Because it’s so simple, it’s like using your fingers. So a lot of books and classroom lectures and videos will use it when explaining another topic. I have a book right now that I’m using to get ideas for the game library that I’m working on.
Finding something in an unsorted vector means that you have to examine each item one by one to see if it’s the one you want. So this book came up with the idea to use a bitmask first just to know if a particular item exists in the vector. A bitmask lets you quickly test if a binary bit is set to one and if so, then use that as a signal that the item you want is somewhere in the vector. This helps to avoid searching through the whole vector only to end up empty-handed. It’s better to know quickly and avoid the search if it’s not there.
What happens if the bitmask says the item should exist in the vector? Then the code will have to start visiting each item to see if it matches.
Beyond the time needed to check each item, there’s another scalability problem with this design.
Because the book doesn’t use an expandable bitmask, the design has a limited number of items it can support. This number can be either 32 or 64 items.

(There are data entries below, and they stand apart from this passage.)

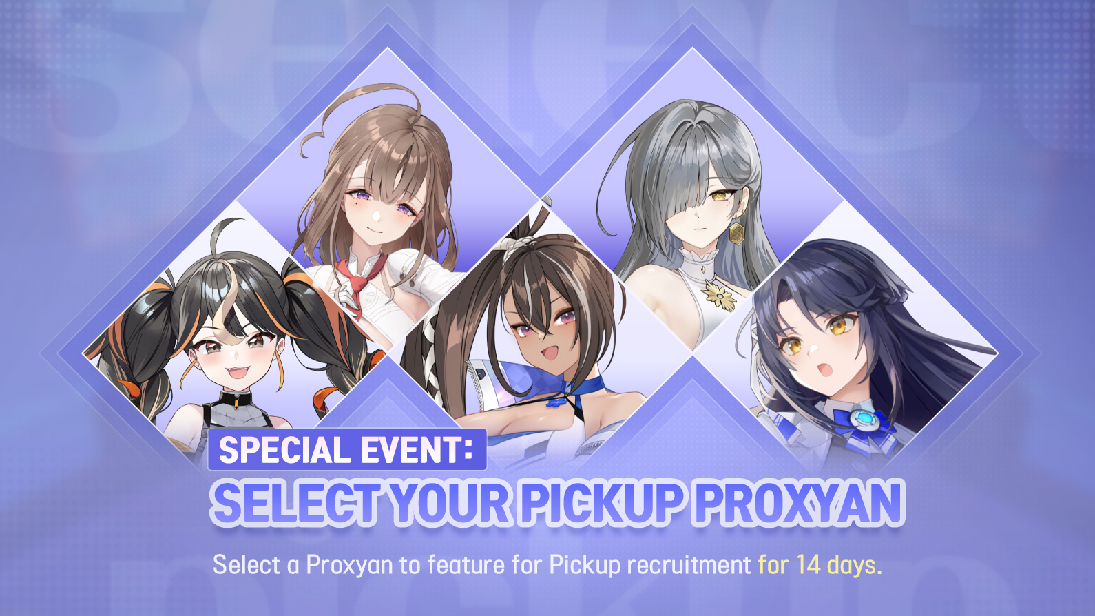 Join the [Special Event: Select Your Pickup Proxyan]! Choose your desired Proxyan for Pickup recruitment and enjoy boosted rates!
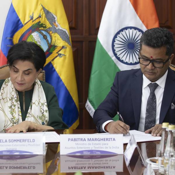 La ministra ecuatoriana de Relaciones Exteriores, Gabriela Sommerfeld, se reunió este miércoles con el ministro de Estado para Asuntos Exteriores y Textiles de la India, Shri Pabitra Margherita, en la sede de la Cancillería, en Quito, para fortalecer la relación bilateral y avanzar en nuevos ámbitos de cooperación.
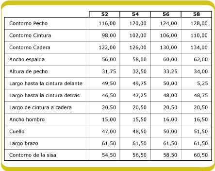 Verifica las medidas de cada talla en el cuadro adjunto.
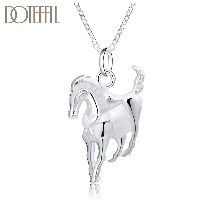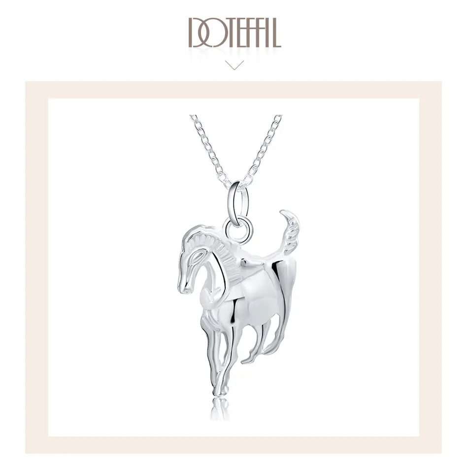 Ожерелье DOTEFFIL из стерлингового серебра 925 пробы с подвеской в виде лошади длиной 18 дюймов для женщин и мужчин, модные ювелирные украшения для свадебной вечеринки

To me, this is a bigger limitation that will prevent an application from growing bigger. A vector can always be changed with a different data structure. But the use of this bitmask has a broader impact on the overall design of an application.

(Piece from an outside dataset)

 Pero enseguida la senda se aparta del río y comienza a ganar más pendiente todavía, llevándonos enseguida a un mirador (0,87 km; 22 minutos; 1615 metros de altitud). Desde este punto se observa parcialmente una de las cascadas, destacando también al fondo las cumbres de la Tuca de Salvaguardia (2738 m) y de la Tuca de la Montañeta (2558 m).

It requires that each item have a known bit in the bitmask. It makes it harder to add new items because each new item needs to become well known to all the other items.

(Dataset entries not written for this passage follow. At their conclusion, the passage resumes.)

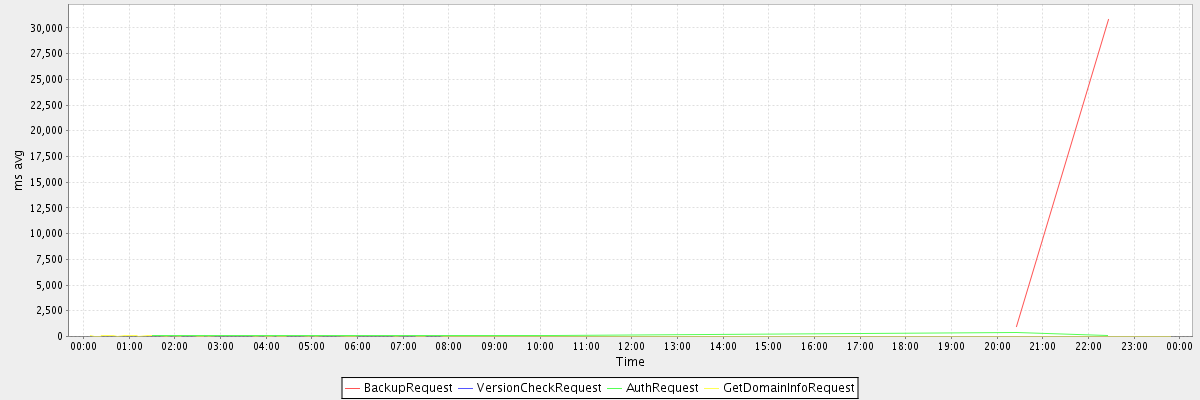 avg(BackupRequest) = 15901.00 avg(VersionCheckRequest) = 955.00 avg(AuthRequest) = 128.75 avg(GetDomainInfoRequest) = 4.46
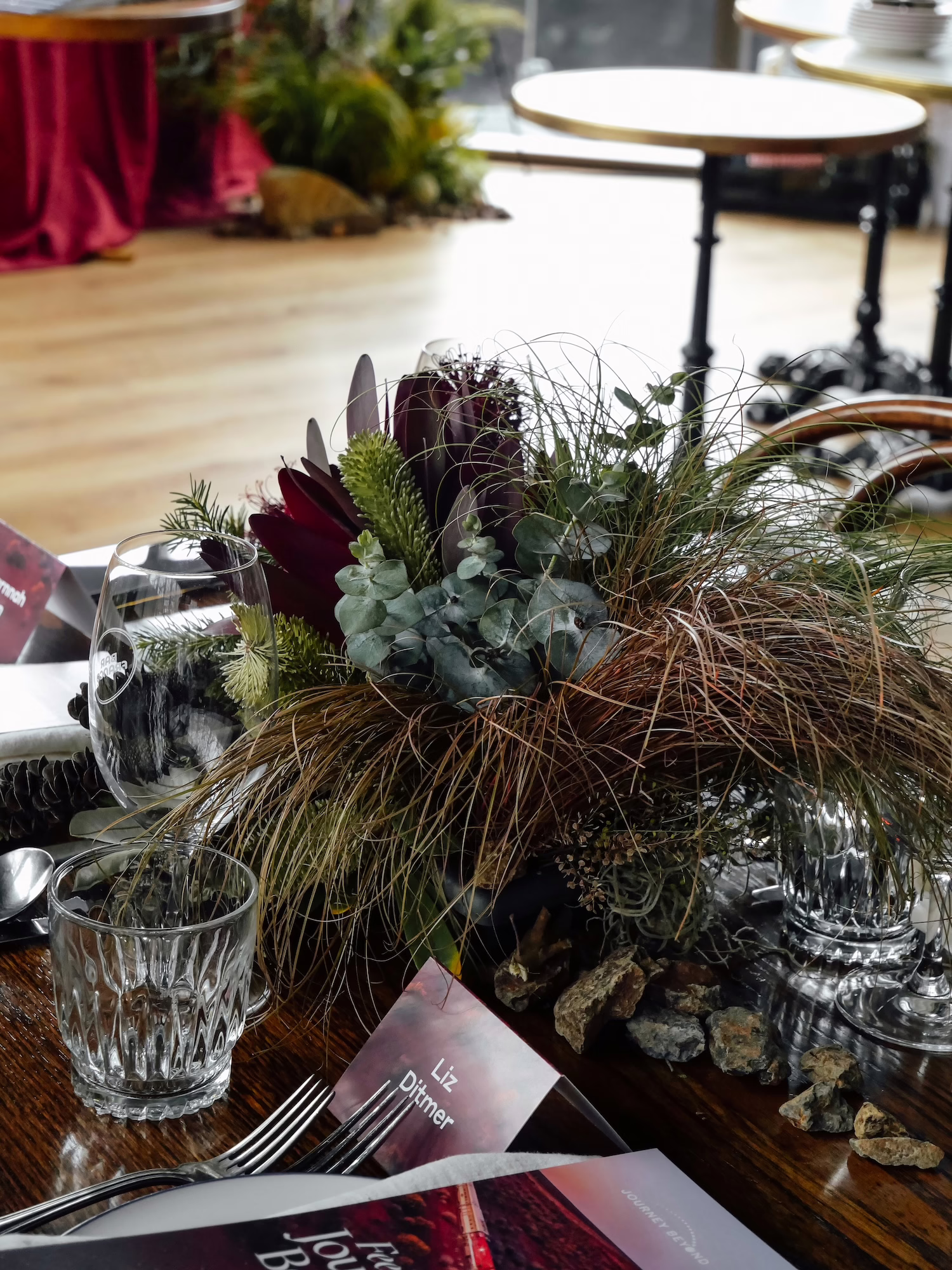 Florals were carried through from welcome signage to the bar and onto the tables, creating a cohesive look that felt considered but not overworked. Low table settings kept things relaxed and social, while the native elements added a strong sense of place and character.
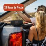 Cuenta con certificación IP67, lo que la hace resistente al agua y al polvo, ideal para exteriores, playa o piscina. Su batería de 7500 mAh ofrece hasta 20 horas de reproducción continua, e incluye función TWS para enlazar otra bocina JBL y disfrutar sonido estéreo.

I decided to take a different approach and register new items instead. The registered items will not have a bit to go in a bitmask.
So this design allows for many more items.
However many are needed. This changes how the code is designed because there’s a whole process around registration now.
It’s the type of change that can be done easy early on. But would require a lot of effort later.
I mentioned at the beginning that this is a balance. I’ve also seen it taken too far. I remember one response I saw several years ago to an interview coding question. The candidate was working with text and needed to be able to tell the difference between vowels and consonants. The proposed solution used a full hash table to hold the five vowels, a, e, i, o, and u.
Nevermind that it left out y. This is a bigger and more elaborate solution than required. It’s not like the English language gets new vowels. I don’t remember the vowels ever changing.
Now I used a hash table to quickly find items in the game library I’m working on. This is what I meant by being able to change a vector for a hash table. The effect on the design is small when just considering the vector vs. hash table but bigger when you consider the other changes this small change allows. Getting rid of the bitmask and taking a registration approach should allow the game library to grow and expand much bigger than a bitmask would allow.
It also simplifies the complexity of the overall solution.
Sure a hash table is a little harder and more complicated to use than a simple vector. And a bitmask is easier and simpler than registering items. But the biggest advantage I think will be in how new items can be added with no knowledge of other items. And I don’t have to go back to older items to make them aware of new items.
So when you’re designing your solutions, look for hard limits and look for places where code knows about other code. If you find yourself creating a constant to track the maximum number of something. Ask yourself what will happen if you eventually need more?
And as you write or change code in one place, if you find that you have to visit several other places to make allowances, then stop to look for ways that you can shift things around so that these changes can be done separately.
Do this even when you think it’s no big deal and still easy to manage. Because eventually, the problem will get bigger and then you’ll feel stuck in a design that’s starting to feel like a lot of work. And when you try scaling even bigger yet, you might really wish you had made a change way back when it was a minor inconvenience.